Hacker News new | ask | show | jobs
by snickell 456 days ago
What I'm currently doing is caveman: I ask the LLM to attach a unique id= to every element, and I gave it an attribute (data-use-cached) it can use to mark "the contents of this element should be loaded from the preivous frame": https://github.com/snickell/universal/blob/47c5b5920db5b2082...

For example, this specifies that #my-div should be replaced with the value from the previous frame (which itself might have been cached): <div id="my-div" data-use-cached></div>

This lowers the render time /substantially/, for simple changes like "clicked here, pop-open a menu" it can do it in 10s, vs a full frame render which might be 2 minutes (obviously varies on how much is on the screen!).

I think using HAML etc is an interesting idea, thanks for suggesting it, that might be something I'll experiment with.

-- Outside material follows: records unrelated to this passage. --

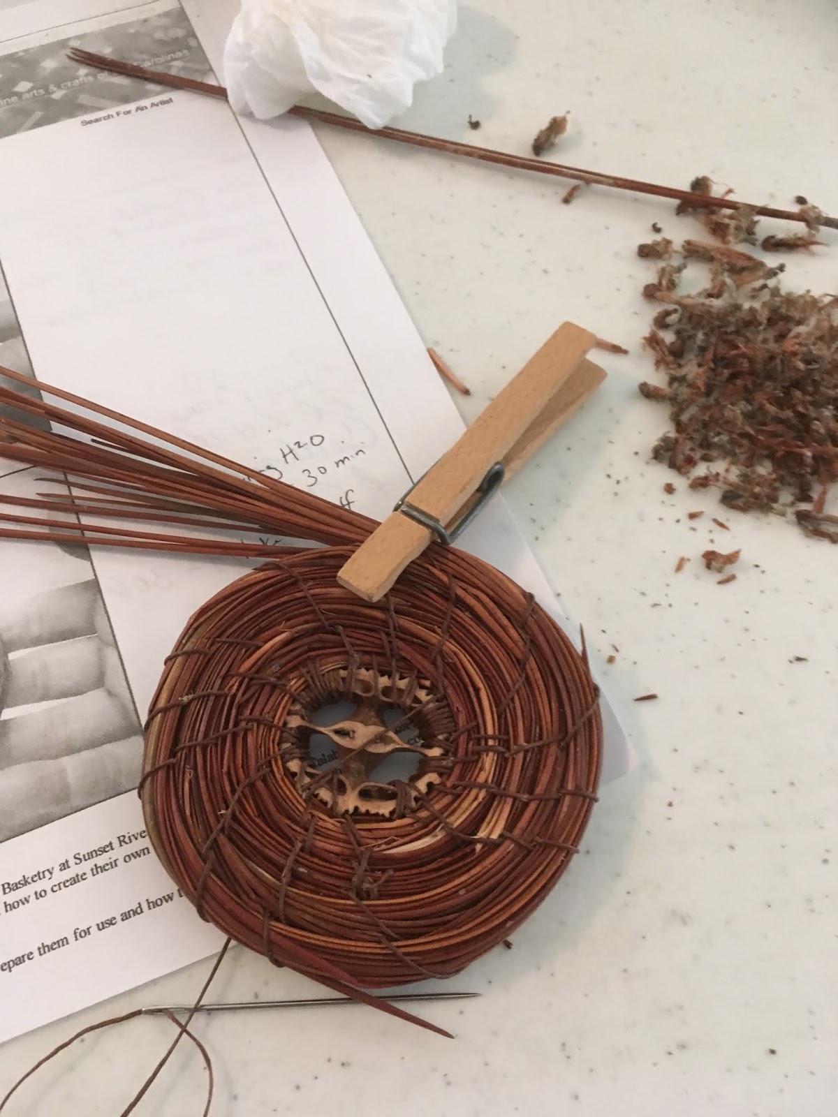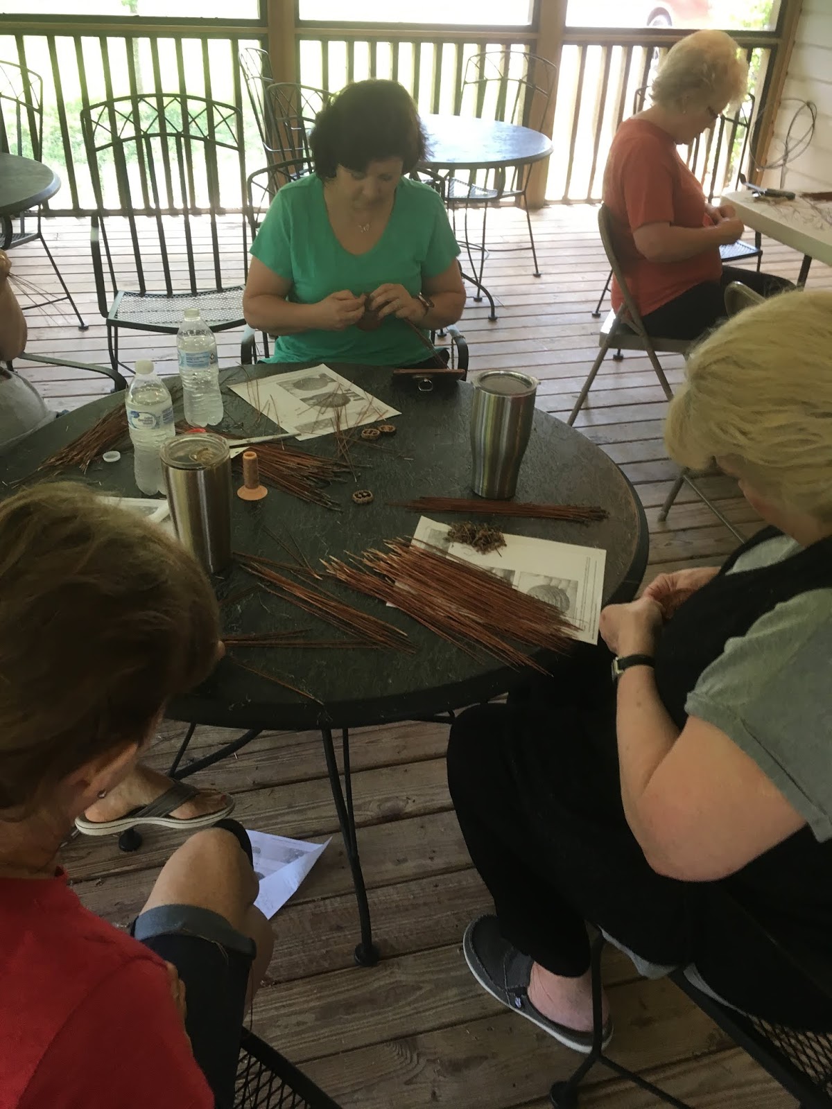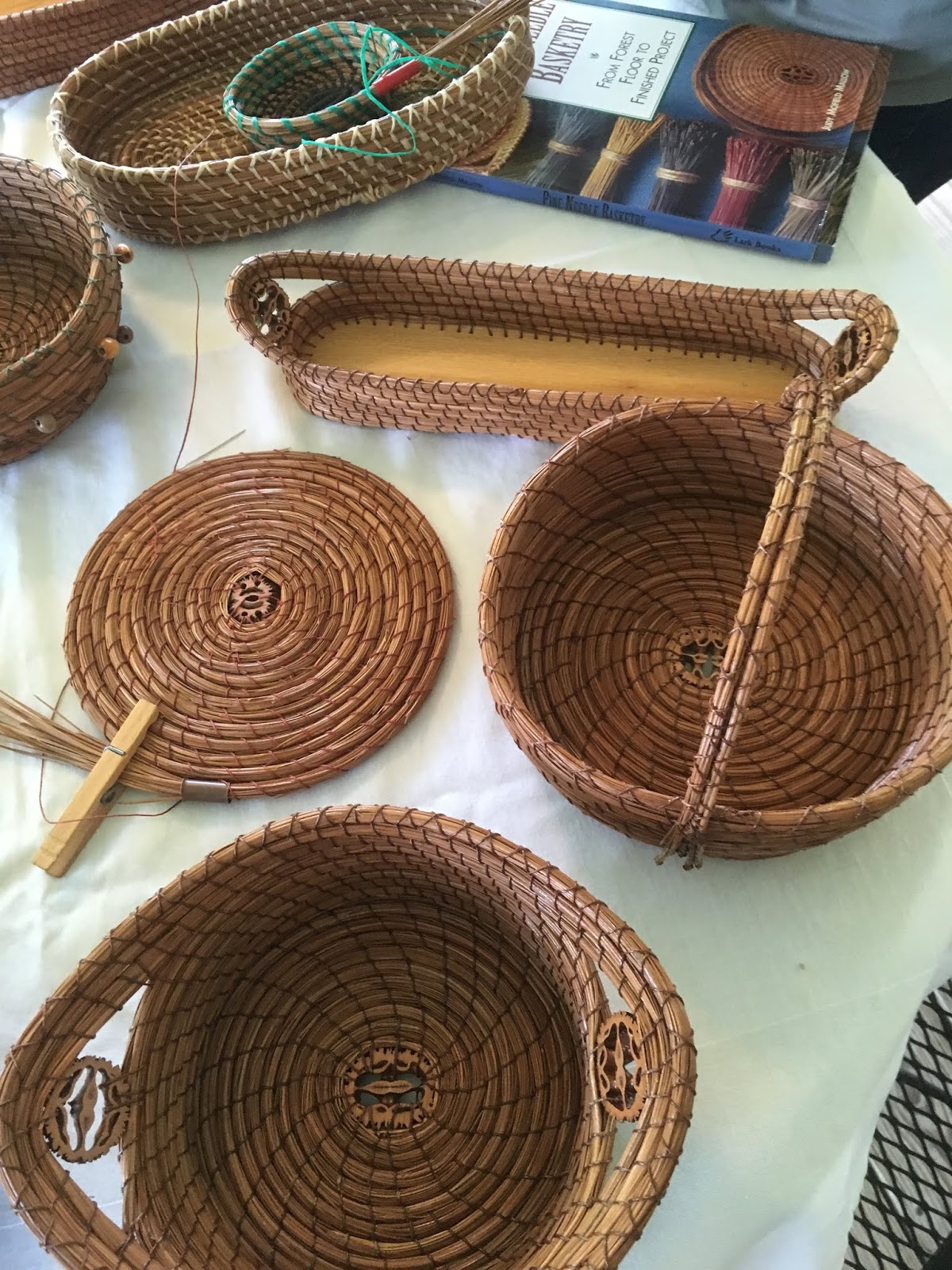 This past weekend we all gathered to learn how to weave pine needle baskets.
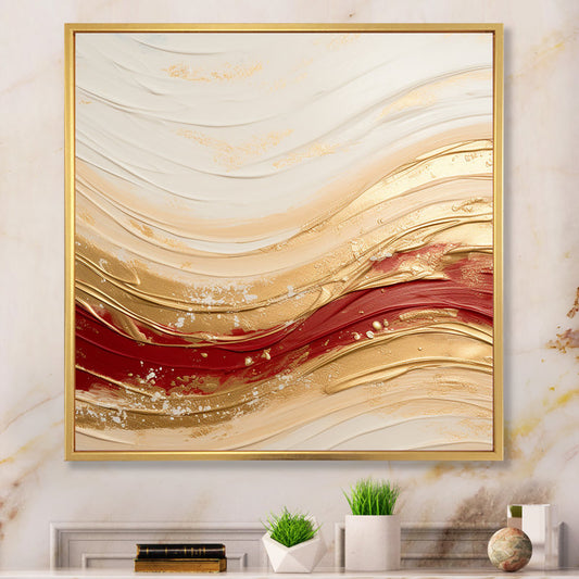 Elegant Gold and Red Abstract Wave Oil Painting for Modern Home Décor
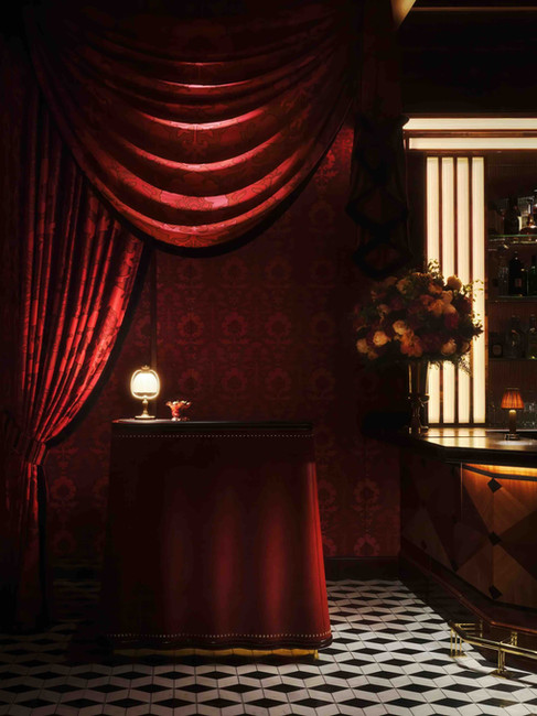 Carbone London builds on this legacy with an expansive design that elevates the brand’s signature glamour for its Mayfair setting. Designed by Ken Fulk, the restaurant channels the legendary supper clubs of 1950s New York while adding British refinement. Guests enter through a private street-level entrance into a series of lavish spaces featuring vintage-style flooring, a zinc-topped bar, and a sweeping staircase adorned with a mural celebrating New York’s golden age. The dining areas, more than three times the size of the Greenwich Village original, are layered with rich mahogany, red velvet, burgundy leather banquettes, and curated art from names such as Julian Schnabel and Ai Weiwei. Private dining rooms feature Murano chandeliers, while the patio evokes the Riviera with striped umbrellas and rattan chairs.
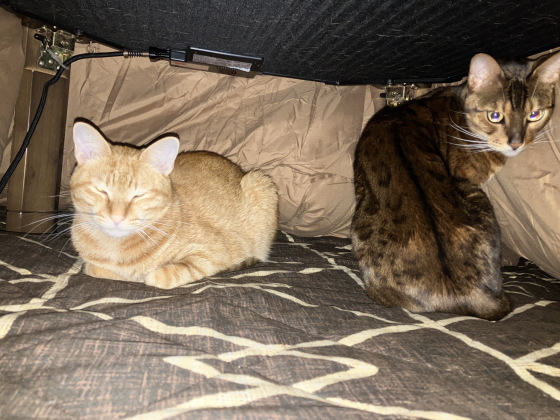 コタツを準備している時点でテトがハッスル。かけ布団をセットしたら、速攻で2匹ともコタツに潜る。

The challenge I'm finding is that "fancy" also has a way of confusing the LLM. E.g. I originally had the LLM produce literal unified diffs between frames. I reasoned it had seem plenty of diffs of HTML in its training data set. It could actually do this, BUT image quality and intelligence were notably affected.

Part of the problem is that at the moment (well 1mo ago when I last benchmarked), only Claude is "past the bar" for being able to do this particular task, for whatever reason. Gemini Flash is the second closest. Everything else (including 4o, 4.5, o1, deepseek, etc) are total wipeouts.

What would be really amazing is if say Llama 4 turns out to be good in the visual domain the way claude is, and you can run it on one of the LLM-on-silicon vendors (cerebrus.ai, grok, etc) to get 10x the token rate.

LMK if you have other ideas, thanks for thinking about this and taking a look!